= Beginning of Section =
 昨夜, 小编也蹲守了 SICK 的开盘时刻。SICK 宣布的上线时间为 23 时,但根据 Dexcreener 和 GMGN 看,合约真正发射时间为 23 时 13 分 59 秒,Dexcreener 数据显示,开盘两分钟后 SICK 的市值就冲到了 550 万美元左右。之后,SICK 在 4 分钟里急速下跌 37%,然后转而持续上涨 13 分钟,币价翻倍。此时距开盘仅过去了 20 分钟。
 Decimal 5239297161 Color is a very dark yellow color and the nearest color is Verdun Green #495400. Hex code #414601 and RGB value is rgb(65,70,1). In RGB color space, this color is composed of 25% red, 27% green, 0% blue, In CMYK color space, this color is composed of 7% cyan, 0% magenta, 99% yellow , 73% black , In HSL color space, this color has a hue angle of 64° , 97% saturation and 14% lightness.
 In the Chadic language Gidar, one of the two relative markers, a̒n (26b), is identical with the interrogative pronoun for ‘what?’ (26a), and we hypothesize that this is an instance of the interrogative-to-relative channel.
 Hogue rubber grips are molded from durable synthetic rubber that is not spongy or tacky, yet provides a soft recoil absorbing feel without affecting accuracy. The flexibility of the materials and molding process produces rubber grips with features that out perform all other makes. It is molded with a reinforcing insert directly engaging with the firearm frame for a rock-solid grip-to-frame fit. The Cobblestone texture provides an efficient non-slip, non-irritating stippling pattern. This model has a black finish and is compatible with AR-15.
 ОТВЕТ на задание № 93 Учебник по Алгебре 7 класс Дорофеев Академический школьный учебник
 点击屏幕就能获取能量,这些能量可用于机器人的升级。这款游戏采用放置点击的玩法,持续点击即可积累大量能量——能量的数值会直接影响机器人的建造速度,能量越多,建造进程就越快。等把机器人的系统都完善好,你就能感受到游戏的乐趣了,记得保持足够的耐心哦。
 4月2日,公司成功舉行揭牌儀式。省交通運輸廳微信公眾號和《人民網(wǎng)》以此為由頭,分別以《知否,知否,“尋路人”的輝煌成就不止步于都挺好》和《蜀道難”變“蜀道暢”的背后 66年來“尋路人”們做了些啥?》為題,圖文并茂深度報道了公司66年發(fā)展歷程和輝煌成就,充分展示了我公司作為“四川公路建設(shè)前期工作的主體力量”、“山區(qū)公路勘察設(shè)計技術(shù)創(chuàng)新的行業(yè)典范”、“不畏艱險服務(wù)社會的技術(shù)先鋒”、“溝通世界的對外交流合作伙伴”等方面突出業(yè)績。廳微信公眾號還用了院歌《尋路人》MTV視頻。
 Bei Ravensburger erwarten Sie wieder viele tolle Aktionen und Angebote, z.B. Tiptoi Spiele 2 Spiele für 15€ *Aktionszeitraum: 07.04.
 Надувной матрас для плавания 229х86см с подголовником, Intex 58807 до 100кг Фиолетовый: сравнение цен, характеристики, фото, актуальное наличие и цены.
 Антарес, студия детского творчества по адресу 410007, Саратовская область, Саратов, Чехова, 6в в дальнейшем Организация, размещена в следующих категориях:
= End of Section =
Whenever the word "with" shows up in a line of the entries, copy that line.

 In the Chadic language Gidar, one of the two relative markers, a̒n (26b), is identical with the interrogative pronoun for ‘what?’ (26a), and we hypothesize that this is an instance of the interrogative-to-relative channel.
 Hogue rubber grips are molded from durable synthetic rubber that is not spongy or tacky, yet provides a soft recoil absorbing feel without affecting accuracy. The flexibility of the materials and molding process produces rubber grips with features that out perform all other makes. It is molded with a reinforcing insert directly engaging with the firearm frame for a rock-solid grip-to-frame fit. The Cobblestone texture provides an efficient non-slip, non-irritating stippling pattern. This model has a black finish and is compatible with AR-15.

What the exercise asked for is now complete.